Here's the server log for node 1, the one with the data:

[07:40:45,881 voldemort.store.metadata.MetadataStore] INFO metadata init(). [main]
[07:40:46,022 voldemort.cluster.Node] WARN admin-port not defined for node:0 using default value(socket_port + 1):6667 [main]

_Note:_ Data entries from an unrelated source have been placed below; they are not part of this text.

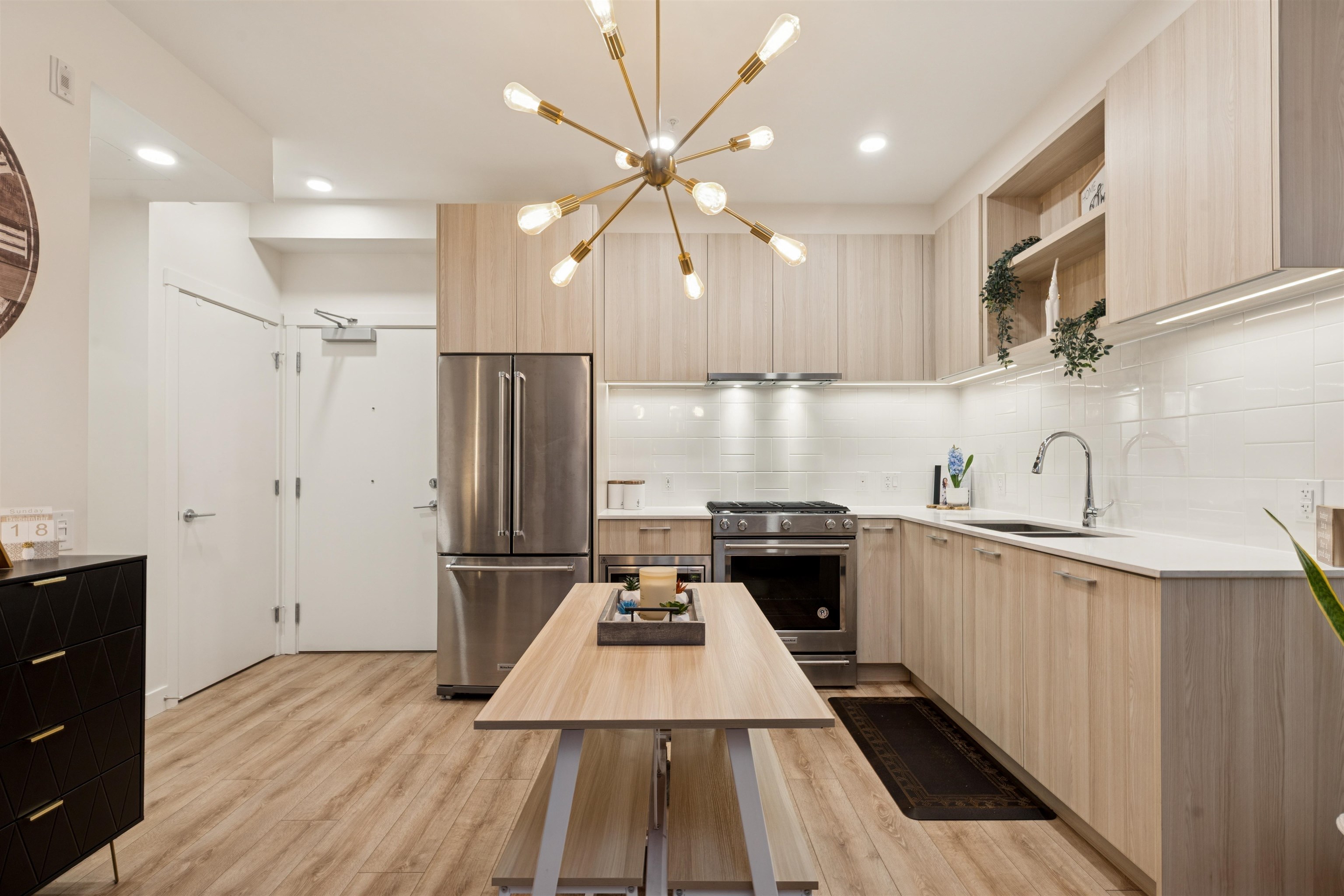 Introducing a quiet courtyard facing 1 bed, 1 bath condo at The Oaks. Inside, enjoy 9' ceilings in main areas, high-performance wide-plank laminate flooring, and a gourmet kitchen featuring soft-close laminate cabinetry, quartz countertops, and a premium KitchenAid appliance package. The spa-inspired bathroom offers quartz countertops, a deep soaker tub, and a Kohler quiet-close toilet. Building amenities are exceptional, including over 28,000 sq. ft. of private indoor/outdoor space, a fully outfitted fitne...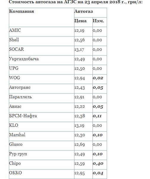 Повідомлялося, що в лютому-березні цього року вартість автогазу падала.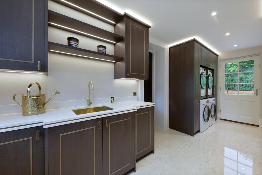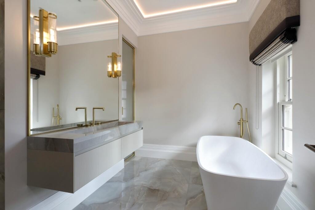Brushed brass fittings and a minimalist glass shower enclosure complete the look, harmonizing modern luxury with timeless sophistication. This bathroom stands as a showcase of bespoke design and material mastery, where every element has been thoughtfully crafted for both beauty and function.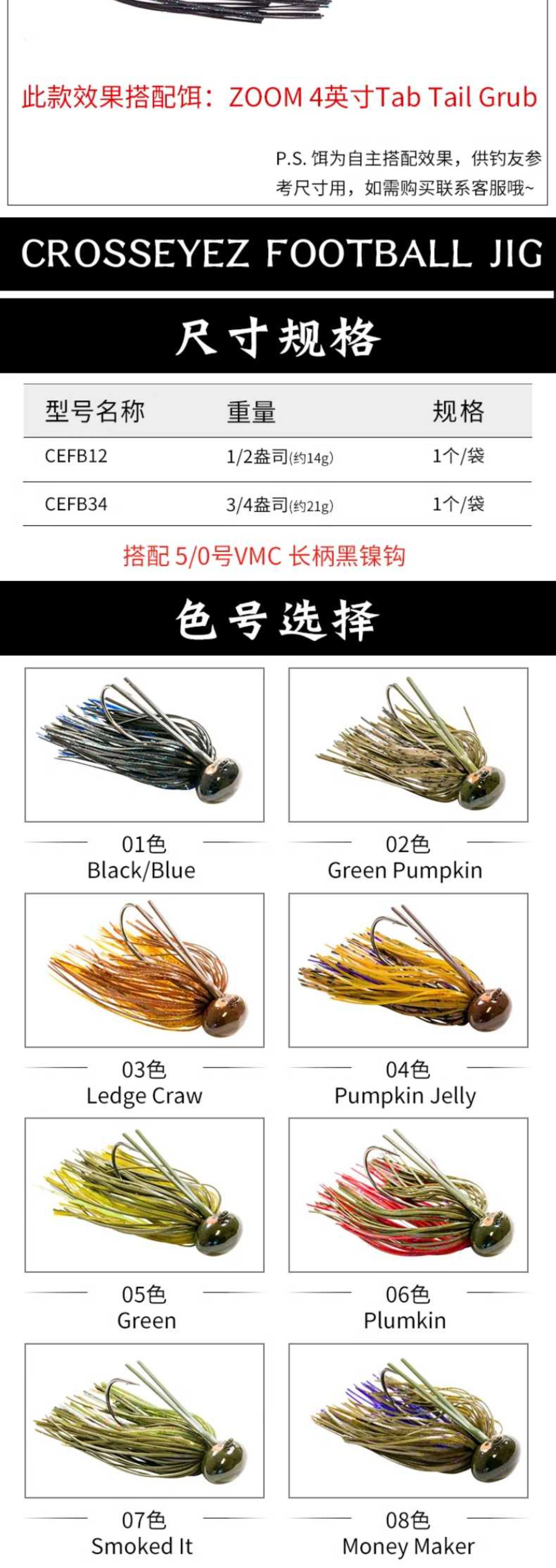 Colgante de plomo ZMAN Football Jig importado de EE. UU. CROSSEYEZ JIG cebo de pesca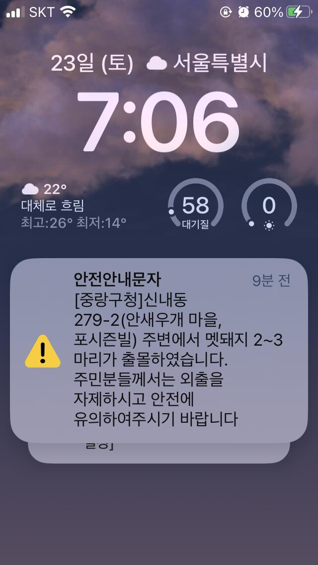 용마산에 멧돼지 출몰했다는 뉴스를 21년도에도 들었던것 같은데.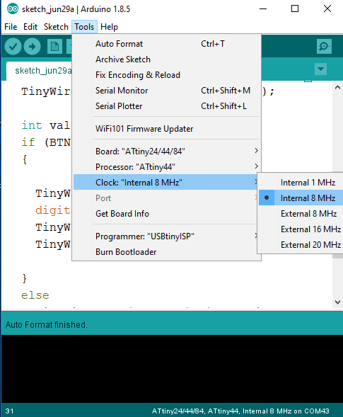 First i tried the Wire.h library that official given by the Arduino. But when compailing the wire.h library i got some error. So i googled and saw some answers from arduino forum that wire.h library wont work with attiny45 microcontrollers. As i xpected it happened. So now, i need to find another way. I searched for alternative arduino libaries that especially build for attiny microcontrollers. I found TinyWire.h library for arduino. The TinyWire.h library is build a for attiny microcontrollers. The library almost replicate the wire.h but stil i face some problems, so i try to edit library files. we edit somvalues in library. and i found that now its working with 8MHZ internal crystal. i use 20Mhz oscilator in my boards, its not working in that frequency range. i dont know why?

[07:40:46,023 voldemort.cluster.Node] WARN admin-port not defined for node:1 using default value(socket_port + 1):6671 [main]
[07:40:46,682 voldemort.store.metadata.MetadataStore] INFO Updating routing strategy for all stores [main]
[07:40:46,788 voldemort.server.VoldemortServer] INFO Using NIO Connector for Admin Service. [main]
[07:40:46,830 voldemort.server.VoldemortServer] INFO Using NIO Connector. [main]
[07:40:46,830 voldemort.common.service.VoldemortService] INFO Starting voldemort-server [main]
[07:40:46,871 voldemort.utils.JNAUtils] WARN Unable to lock JVM memory (ENOMEM). This can result in part of the JVM being swapped out with higher Young gen stalls Increase RLIMIT_MEMLOCK or run Voldemort as root. [main]
[07:40:46,871 voldemort.server.VoldemortServer] INFO Starting 6 services. [main]
[07:40:46,871 voldemort.common.service.VoldemortService] INFO Starting storage-service [main]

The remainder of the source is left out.